Segment Start: INFORMATION SHOWN

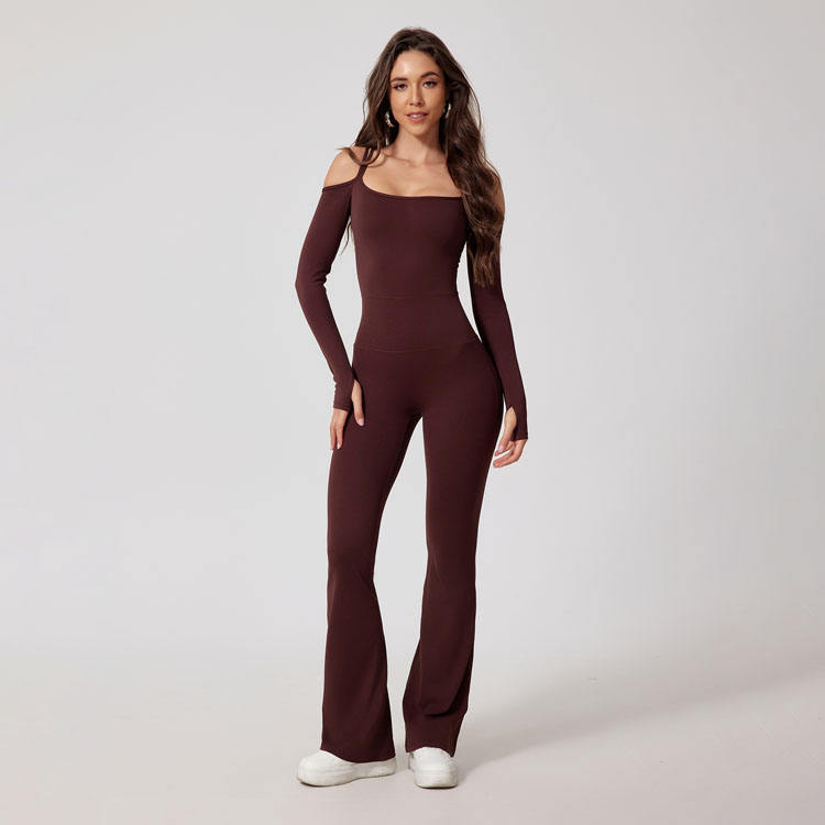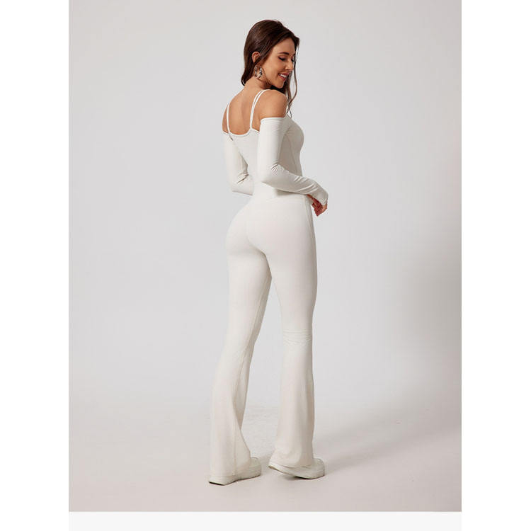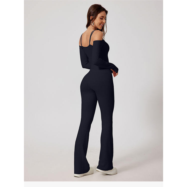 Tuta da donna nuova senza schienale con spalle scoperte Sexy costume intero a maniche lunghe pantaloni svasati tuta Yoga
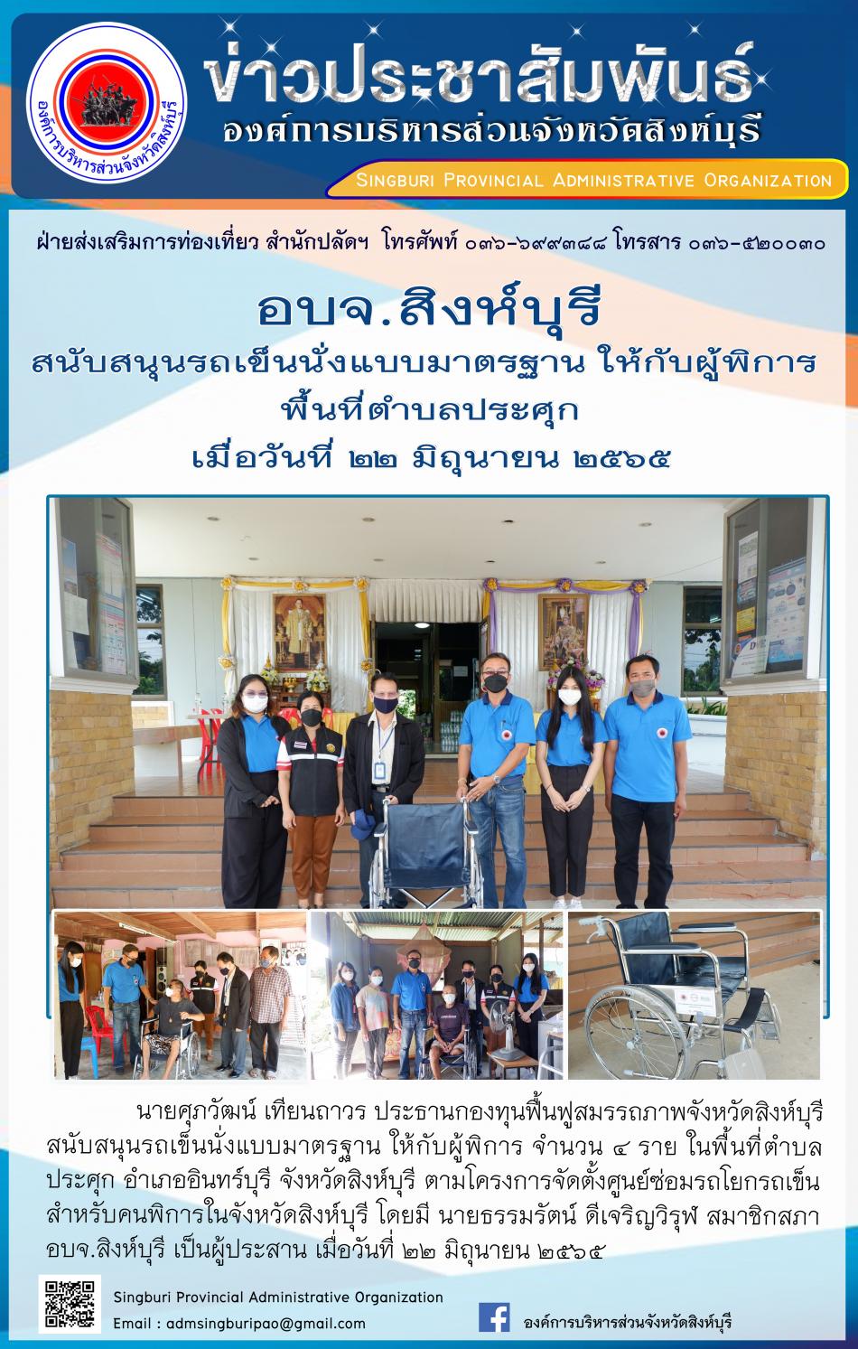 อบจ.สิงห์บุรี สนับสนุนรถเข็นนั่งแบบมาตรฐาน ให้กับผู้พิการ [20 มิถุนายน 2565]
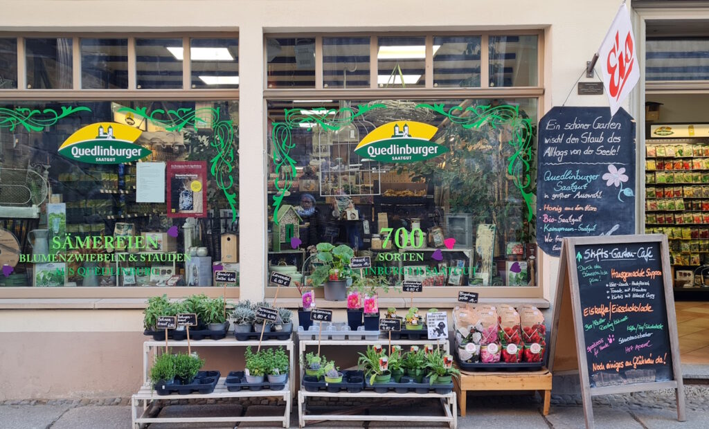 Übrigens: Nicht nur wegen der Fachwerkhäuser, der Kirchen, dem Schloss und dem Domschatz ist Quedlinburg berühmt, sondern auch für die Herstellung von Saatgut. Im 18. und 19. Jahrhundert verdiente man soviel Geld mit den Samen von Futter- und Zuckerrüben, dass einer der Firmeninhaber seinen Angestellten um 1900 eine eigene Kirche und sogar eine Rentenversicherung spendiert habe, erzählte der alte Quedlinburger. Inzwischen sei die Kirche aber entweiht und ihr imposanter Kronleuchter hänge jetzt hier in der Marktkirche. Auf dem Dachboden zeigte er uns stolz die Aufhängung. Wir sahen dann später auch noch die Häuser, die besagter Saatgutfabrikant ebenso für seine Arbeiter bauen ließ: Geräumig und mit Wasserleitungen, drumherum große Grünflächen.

Segment End: INFORMATION SHOWN

TASK ITEM:
Nothing but the lines from the one containing "อบจ.สิงห์บุรี สนับสนุนรถเข็นนั่งแบบมาตรฐาน ให้กับผู้พิการ" through the last line of the listing should be copied, each word for word and without pictures.

ANSWER FOR THIS EXERCISE:
 อบจ.สิงห์บุรี สนับสนุนรถเข็นนั่งแบบมาตรฐาน ให้กับผู้พิการ [20 มิถุนายน 2565]
 Übrigens: Nicht nur wegen der Fachwerkhäuser, der Kirchen, dem Schloss und dem Domschatz ist Quedlinburg berühmt, sondern auch für die Herstellung von Saatgut. Im 18. und 19. Jahrhundert verdiente man soviel Geld mit den Samen von Futter- und Zuckerrüben, dass einer der Firmeninhaber seinen Angestellten um 1900 eine eigene Kirche und sogar eine Rentenversicherung spendiert habe, erzählte der alte Quedlinburger. Inzwischen sei die Kirche aber entweiht und ihr imposanter Kronleuchter hänge jetzt hier in der Marktkirche. Auf dem Dachboden zeigte er uns stolz die Aufhängung. Wir sahen dann später auch noch die Häuser, die besagter Saatgutfabrikant ebenso für seine Arbeiter bauen ließ: Geräumig und mit Wasserleitungen, drumherum große Grünflächen.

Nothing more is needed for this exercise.